[quote name='onetrackmind']Javery, you're seriously

ing with me right? Why would anyone advocate for a system where regardless of whether you're a good worker or not, you can be fired at will for person reasons. If i'm going to get fired i expect it to be because of something i did to deserve it; not because the owner disagrees with my political stance or because of some other trivial thing.[/QUOTE]
Yep. The tenure and union system is flawed because it makes it to hard to fire people who are crappy employees, but that it makes it near impossible to fire good employees is it's strength.

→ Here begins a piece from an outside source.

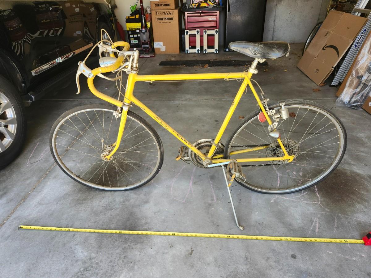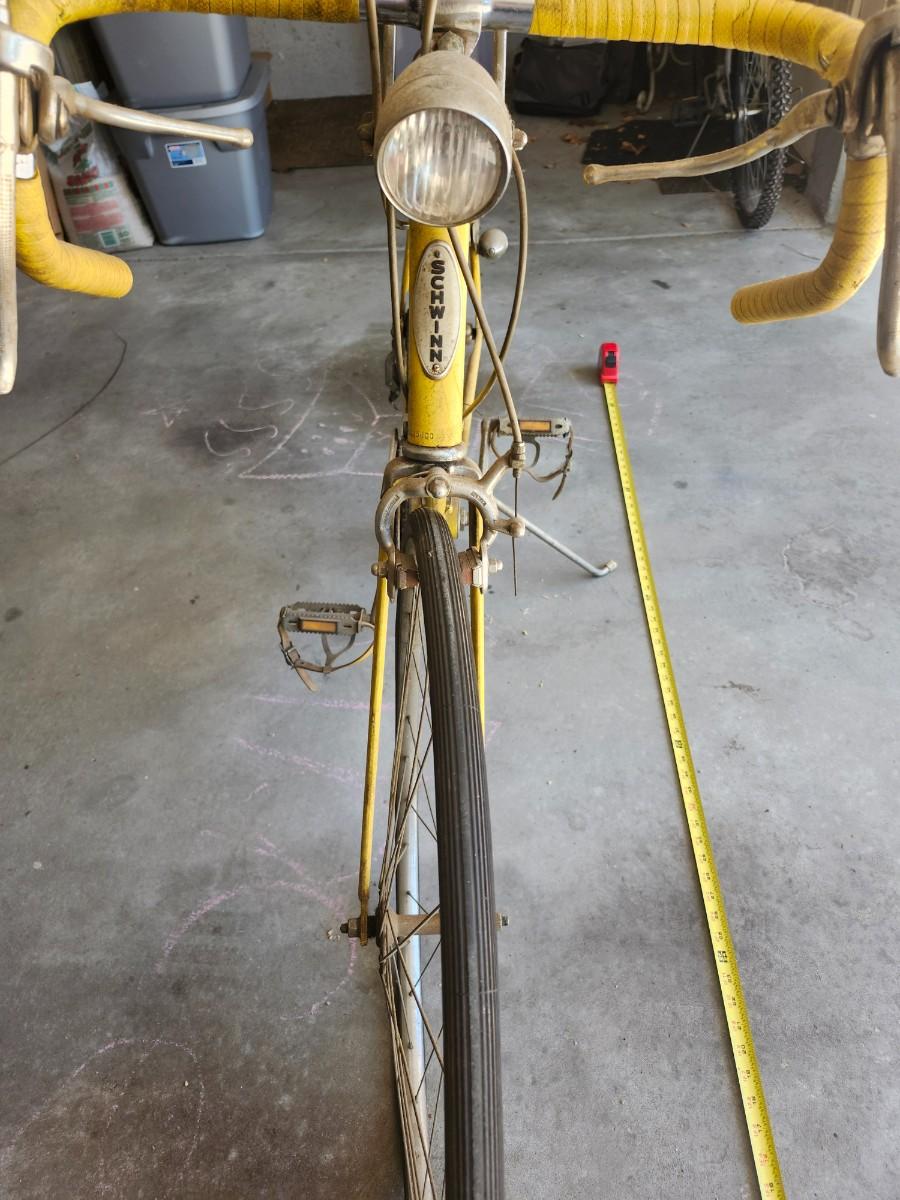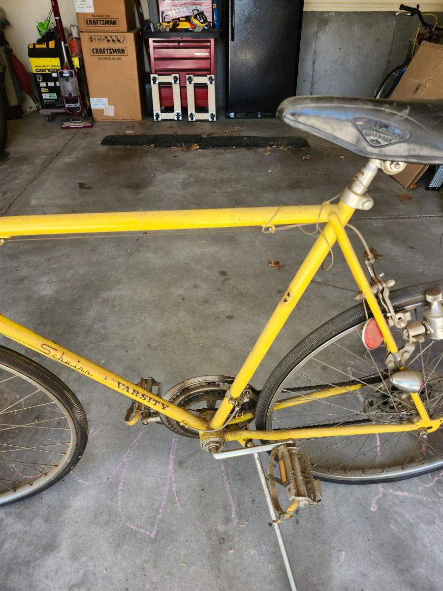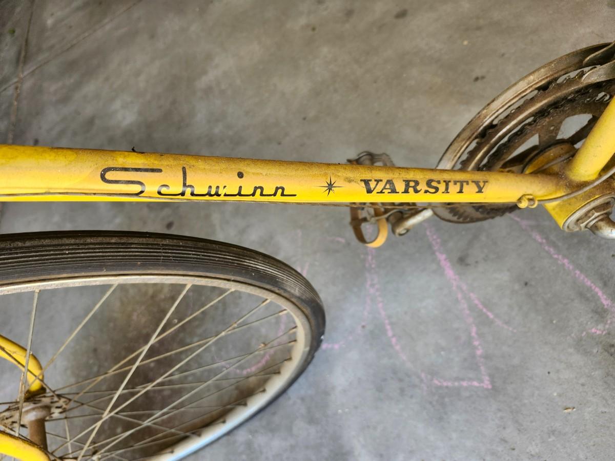 Schwinn Varsity 10 speed bike. The top tube is 26.5 from the ground on flat tires. This bike has been stored well and doesn't have the usual rust on all the parts. The tires do not hold air, and the cables are loose. The bike is all original

And in higher education the last point is the key reason for tenure--it protects our academic freedom to do whatever research we want in our field etc. and not be able to be fired because it challenges someone in a position of authority. i.e. that it offends their politics, or it refutes theories that higher up spent their career promoting in their own research before moving into administration in the university etc.
The tenure system just needs tweaked so people have incentive to keep busting ass after getting all the way to full professor. People shouldn't be able to get fired without cause, or for personal reasons etc. if they're being productive. But the system has to allow for putting pressure on people slacking off. Plenty of full professors love their work and keep doing a good job, but many others slack off at that point and hardly publish any research etc. and thus are getting paid big bucks in the department and doing very little to promote the departments reputation as they aren't publishing or chasing grant money, are doing the bare minimum in the class room etc.

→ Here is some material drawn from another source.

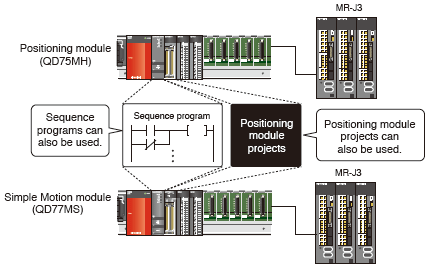 The Positioning module (QD75MH) projects and sequence programs are easily diverted to the Simple Motion module (QD77MS/LD77MS).

So it's matter of the tenure system, unions etc. being tweaked to protect good employees from being fired without cause while still allowing for firing those who do a crappy job--even those who have tenure. And of course there's always things built in to layoff people, furlough people etc. during hard economic times. For instant every public university in my state got 8 furlough days in the 09-10 academic year including tenured faculty, non-tenured faculty, university presidents (they took more days actually) etc. Some states some tenured faculty got let go, but not very many. There were (and still are as state budgets are still hurting) a lot of pressured early retirement buyouts for older profs though.
I get the ire of people in the private sector who aren't unionized and don't have much job security, as I hate that many industries don't have the same kind of job security unionized fields do. But at the same time, it's a choice over salary or job security most of the time. I considered an offer at a private research place that recruited me last summer that would have paid me $15k more than I'm making a year right now in academia. But I didn't consider it long as it wouldn't be very good job security as it's a grant funded places so the money can dry up, and I prefer the flexibility of working in academia in terms of being able to research what I'm interested in rather than whatever the research firm gets money to research.
So it's just a trade off most of the time. There's almost always more money to be made in the private sector. But usually less job security and less in some fields less flexibility and other perks.